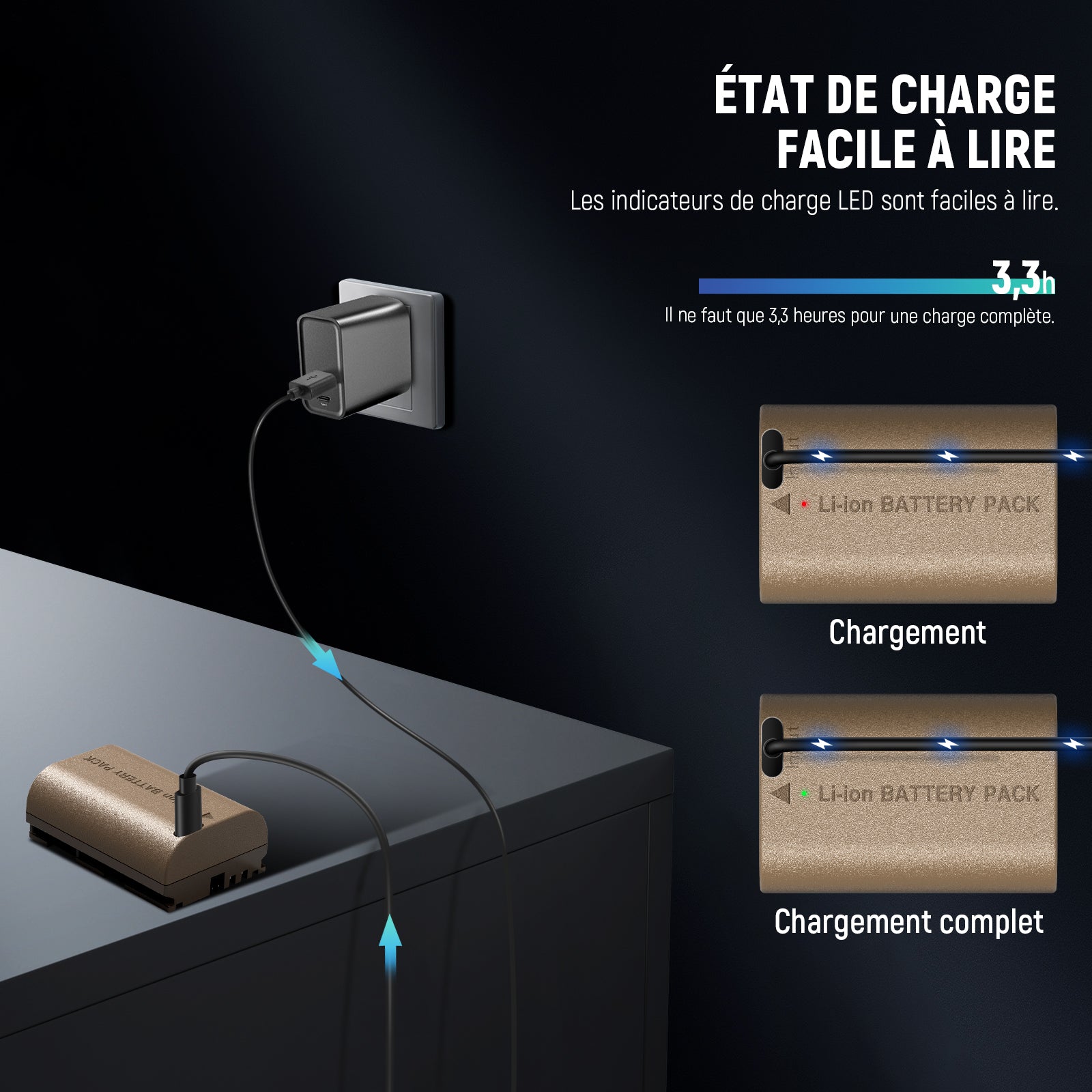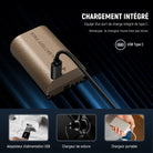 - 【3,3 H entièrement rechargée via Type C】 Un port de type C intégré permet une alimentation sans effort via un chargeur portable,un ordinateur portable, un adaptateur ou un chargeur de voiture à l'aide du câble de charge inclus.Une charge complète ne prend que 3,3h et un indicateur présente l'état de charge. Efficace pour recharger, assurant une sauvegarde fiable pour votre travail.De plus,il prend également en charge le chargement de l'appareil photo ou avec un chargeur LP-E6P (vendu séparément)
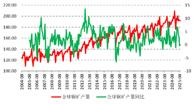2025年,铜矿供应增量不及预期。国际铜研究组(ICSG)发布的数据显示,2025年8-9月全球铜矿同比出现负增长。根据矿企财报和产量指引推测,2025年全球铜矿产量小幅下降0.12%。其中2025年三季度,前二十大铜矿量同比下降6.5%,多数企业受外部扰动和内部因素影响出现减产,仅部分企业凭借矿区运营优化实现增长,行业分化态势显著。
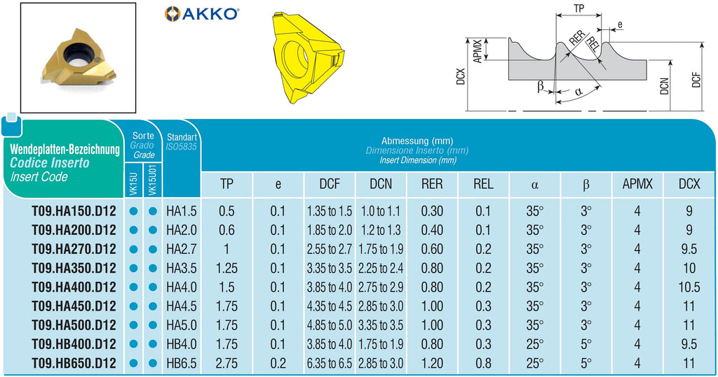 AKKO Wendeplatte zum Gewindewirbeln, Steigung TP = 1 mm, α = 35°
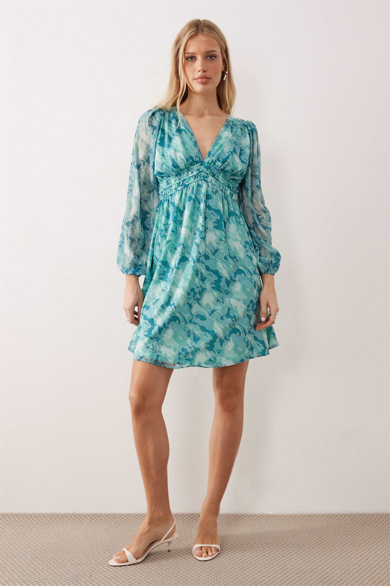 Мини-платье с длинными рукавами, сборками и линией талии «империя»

**WHAT YOU ARE ASKED TO DO**
What the answer needs is every line from the one containing "2025年,铜矿供应增量不及" through the final line of the data above, copied exactly, without pictures.

**EXERCISE RESPONSE**
2025年,铜矿供应增量不及预期。国际铜研究组(ICSG)发布的数据显示,2025年8-9月全球铜矿同比出现负增长。根据矿企财报和产量指引推测,2025年全球铜矿产量小幅下降0.12%。其中2025年三季度,前二十大铜矿量同比下降6.5%,多数企业受外部扰动和内部因素影响出现减产,仅部分企业凭借矿区运营优化实现增长,行业分化态势显著。
 AKKO Wendeplatte zum Gewindewirbeln, Steigung TP = 1 mm, α = 35°
 Мини-платье с длинными рукавами, сборками и линией талии «империя»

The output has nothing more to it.